[Opening DATASET RECORDS section]

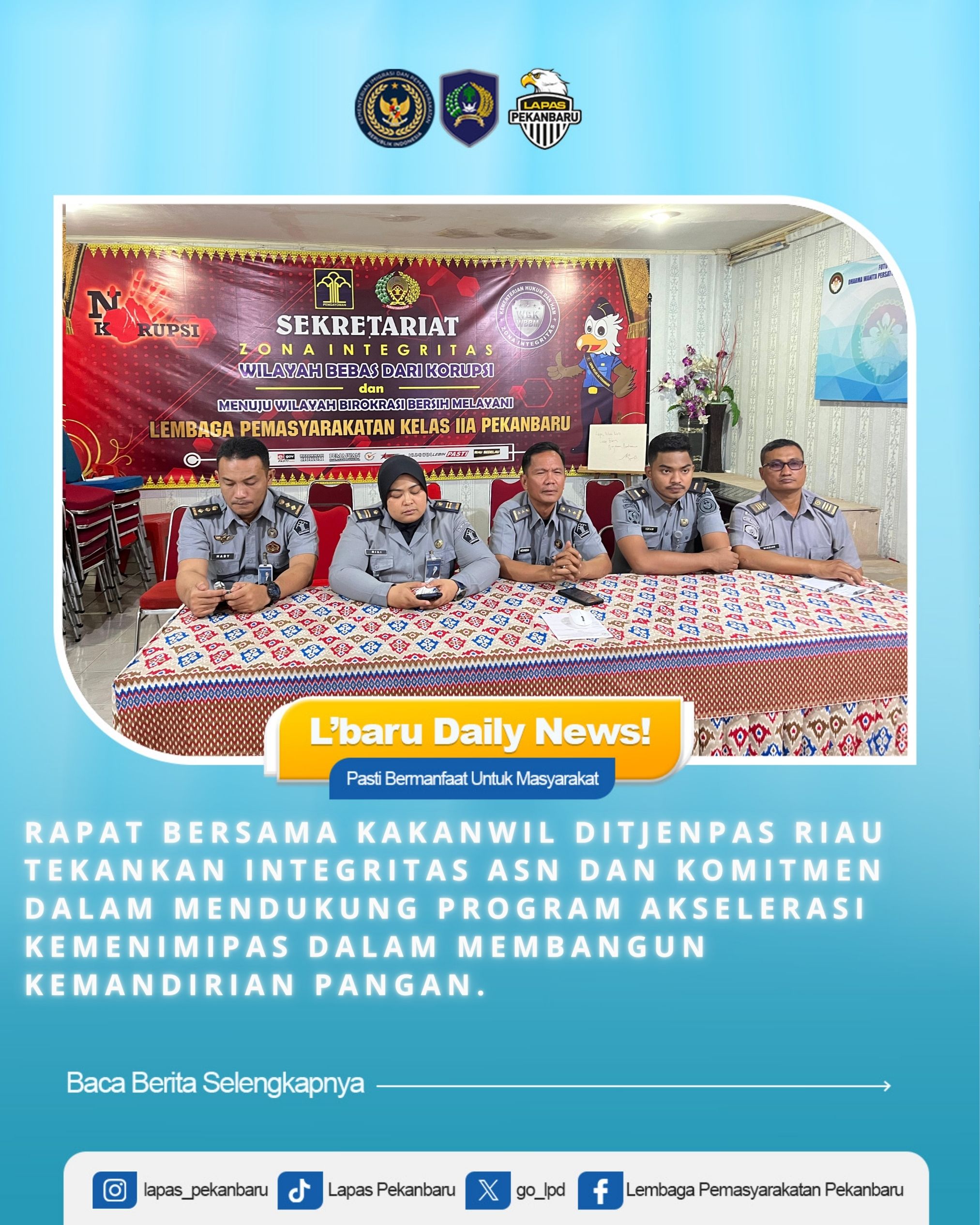 Rapat Bersama Kakanwil DitjenPas Riau Tekankan Integritas ASN dan Komitmen dalam Mendukung Program akselerasi Kemenimipas dalam membangun kemandirian pangan.
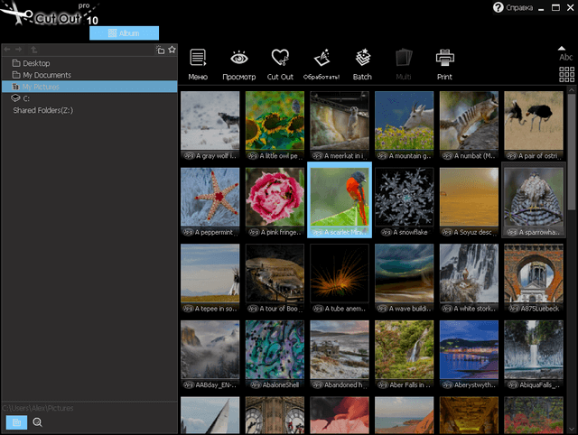 CutOut — графический редактор, предназначенный для маскирования и декомпозиции фото или попросту отделения объекта от фона. В программе можно просматривать, сортировать, обрабатывать изображения получаемые с различных цифровых устройств, создавать фотоальбомы, слайд-шоу. А также улучшать качество изображений, добавлять эффекты, надписи, рамки, устранять нежелательные объекты, избавиться от шума, дефектов кожи, эффекта «красных глаз».
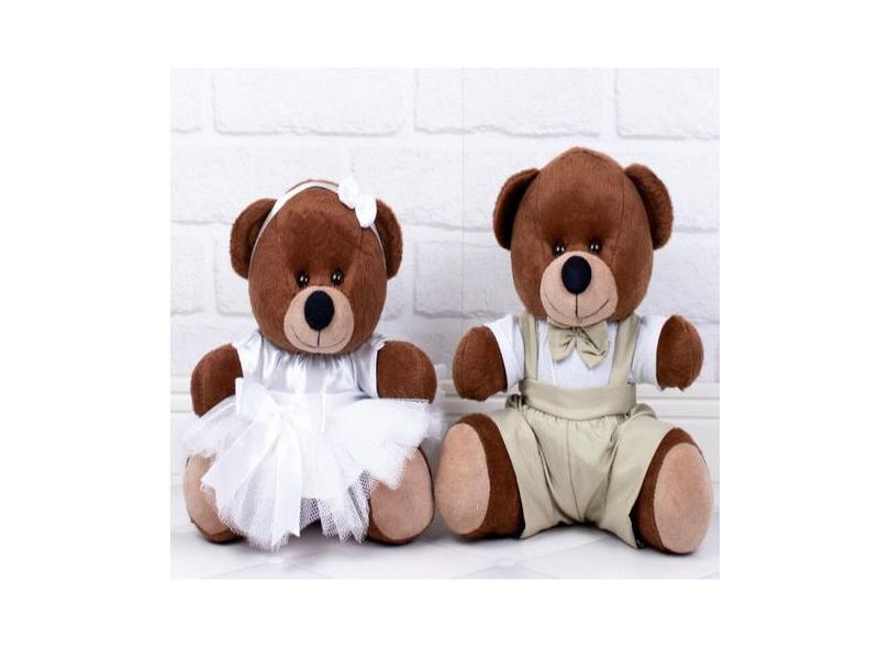 CASAL DE URSOS PAJEM CAQUI DAMINHA BRANCA PADRAO - PELUCIA 26cm - CKD
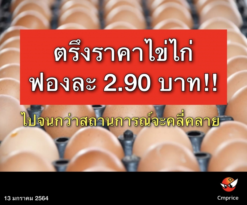 สมาคมผู้เลี้ยงไก่ไข่จับมือกรมการค้าภายในตรึงราคาไข่ไก่คละหน้าฟาร์มที่ 2.90 บาท ไปจนกว่าสถานการณ์จะคลี่คลาย
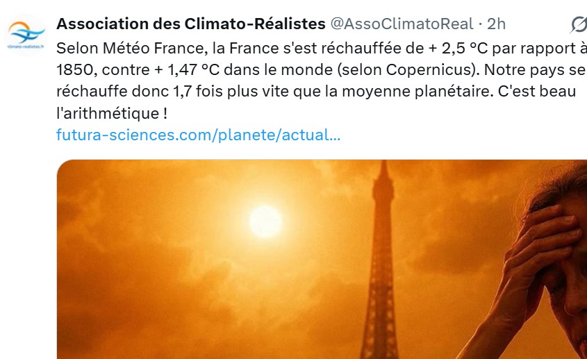 Les experts escrologistes ont frappé fort, la France se serait réchauffée de 2,5° depuis 1850 contre 1,5 pour le reste de la planète…N’imaginez pas qu’ils s’appuient sur des données vérifiable…Météo France n’existait pas en 1850…Tout découle des mathématiques, des modèles informatiques, bref du monde FACTICE dont parle Didier Raoult
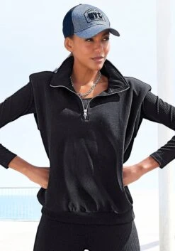 Sweatpullunder von Bench. Stehkragen mit kurzem Reißverschluss. Rippbund am Saum. Kleiner Schriftzugprint vorn. Weiche Sweatware.
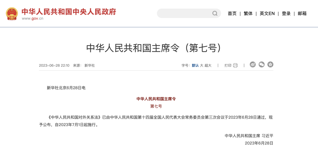 《中華人民共和國對外關係法》已由中華人民共和國第十四屆全國人民代表大會常務委員會第三次會議於2023年6月28日通過,現予公布,自2023年7月1日起施行。
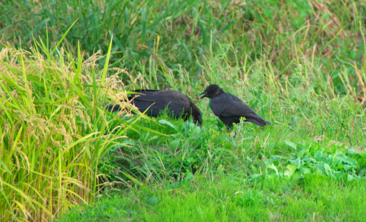 農地はもちろん人の物だけど、ここはカラスの縄張りでもあります。 侵入者は許しません・・・。
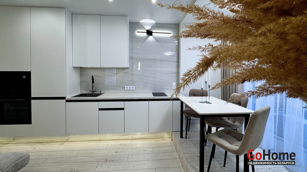 Кухня оборудована встроенной техникой. Выделена отдельная столовая зона с раздвижным столом.
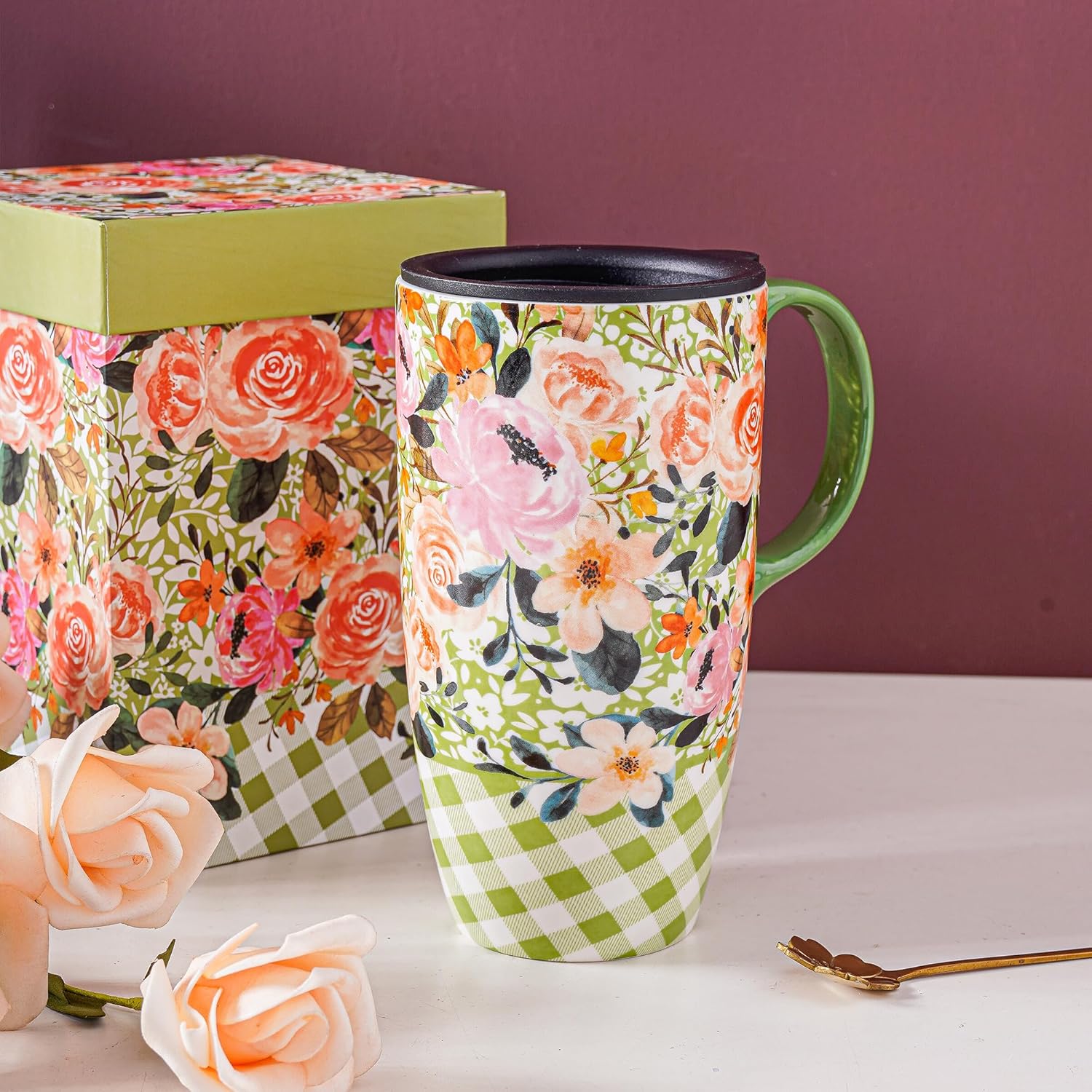 LIGHTWEIGHT AND PORTABLE: Ceramic travel coffee mug with present box and lid. The mug is perfectly designed for various occasions. With this travel mug, you can enjoy your coffee or hot tea at home, and it is also the best choice for travel
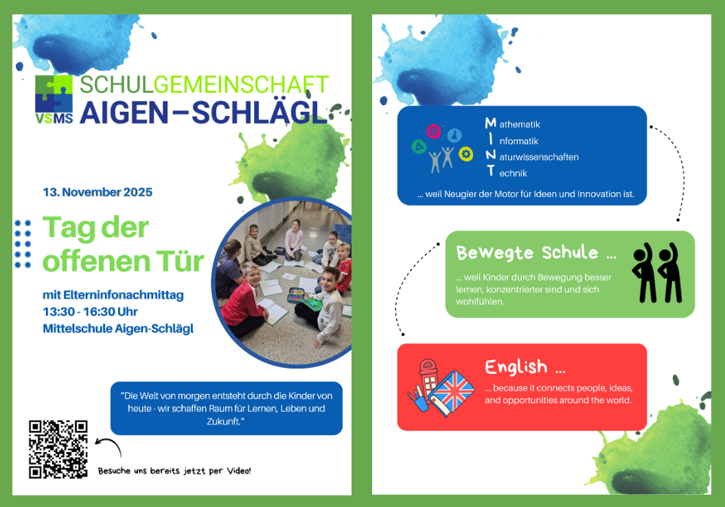 Unser Tag der offenen Tür mit anschließendem Elterninformationsnachmittag findet heuer am 13.11.2025 ab 13:30 Uhr statt.
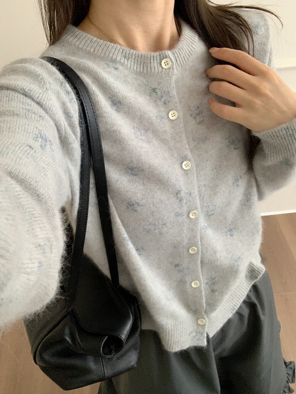 Soft, cozy, and effortlessly romantic — this Raccoon Wool Floral Print Cardigan adds a touch of elegance to your fall and winter wardrobe.
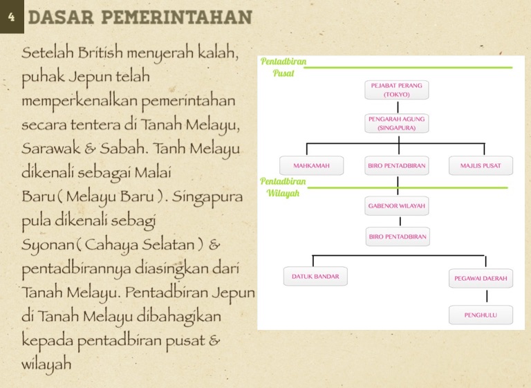 Setelah British menyerah kalah, puhak Jepun telah memperkenalkan pemerintahan secara tentera di Tanah Melayu, Sarawak & Sabah. Tanh Melayu dikenali sebagai Malai Baru( Melayu Baru ). Singapura pula dikenali sebagi Syonan( Cahaya Selatan ) & pentadbirannya diasingkan dari Tanah Melayu. Pentadbiran Jepun di Tanah Melayu dibahagikan kepada pentadbiran pusat & wilayah
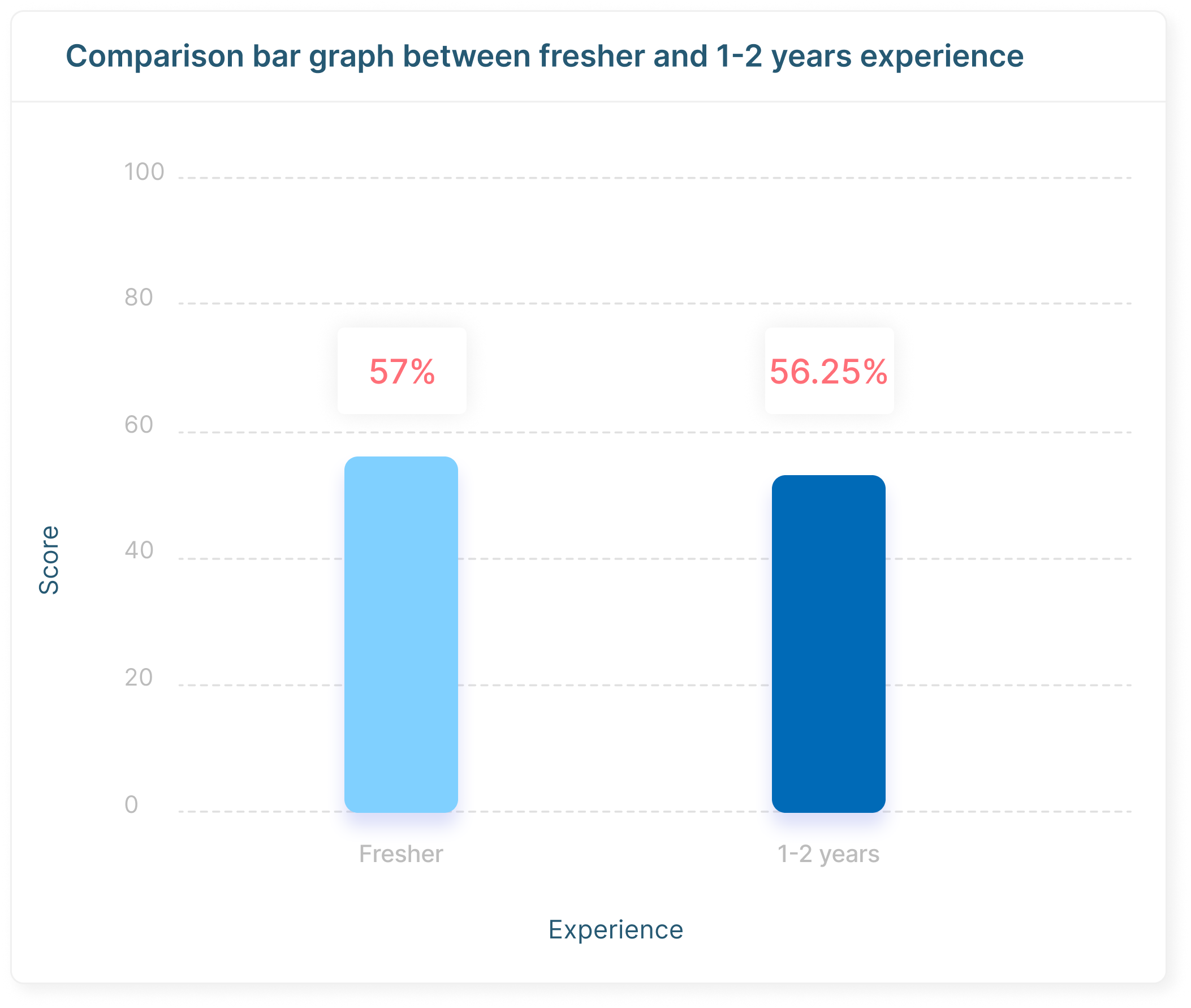 In the same cohort of sales agents, those with no prior work experience had a skills score of 57% and agents with over three years of experience only saw a slight increase of 1.5% in their skill score.
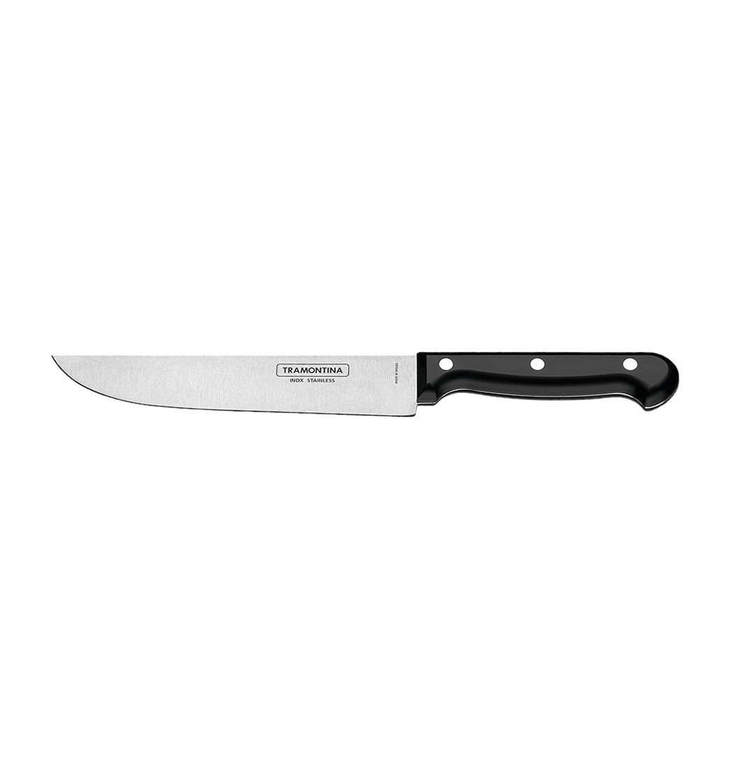 Tus recetas van a quedar más sabrosas con este espectacular cuchillo para carne de Tramontina Ultracorte. Cuenta con lámina de acero inoxidable y mango de polipropileno negro de 6 pulgadas. Está diseñado para realizar cortes de carnes, frutas y vegetales. Es resistente y cuenta con tratamiento térmico, lo que le da más durabilidad al filo. El mango de polipropileno tiene protección antimicrobiana que inhibe el crecimiento de bacterias y hongos. Complementa tu cocina con accesorios de calidad y ¡Anímate a llevarlo ahora!

[Closing DATASET RECORDS section]

# [WHAT YOU NEED TO DO]
Return exactly the stretch above whose first line contains "CASAL DE URSOS" and whose last line contains "Soft, cozy, and", and nothing outside it. The pictures should not appear.

# [YOUR SOLUTION]
 CASAL DE URSOS PAJEM CAQUI DAMINHA BRANCA PADRAO - PELUCIA 26cm - CKD
 สมาคมผู้เลี้ยงไก่ไข่จับมือกรมการค้าภายในตรึงราคาไข่ไก่คละหน้าฟาร์มที่ 2.90 บาท ไปจนกว่าสถานการณ์จะคลี่คลาย
 Les experts escrologistes ont frappé fort, la France se serait réchauffée de 2,5° depuis 1850 contre 1,5 pour le reste de la planète…N’imaginez pas qu’ils s’appuient sur des données vérifiable…Météo France n’existait pas en 1850…Tout découle des mathématiques, des modèles informatiques, bref du monde FACTICE dont parle Didier Raoult
 Sweatpullunder von Bench. Stehkragen mit kurzem Reißverschluss. Rippbund am Saum. Kleiner Schriftzugprint vorn. Weiche Sweatware.
 《中華人民共和國對外關係法》已由中華人民共和國第十四屆全國人民代表大會常務委員會第三次會議於2023年6月28日通過,現予公布,自2023年7月1日起施行。
 農地はもちろん人の物だけど、ここはカラスの縄張りでもあります。 侵入者は許しません・・・。
 Кухня оборудована встроенной техникой. Выделена отдельная столовая зона с раздвижным столом.
 LIGHTWEIGHT AND PORTABLE: Ceramic travel coffee mug with present box and lid. The mug is perfectly designed for various occasions. With this travel mug, you can enjoy your coffee or hot tea at home, and it is also the best choice for travel
 Unser Tag der offenen Tür mit anschließendem Elterninformationsnachmittag findet heuer am 13.11.2025 ab 13:30 Uhr statt.
 Soft, cozy, and effortlessly romantic — this Raccoon Wool Floral Print Cardigan adds a touch of elegance to your fall and winter wardrobe.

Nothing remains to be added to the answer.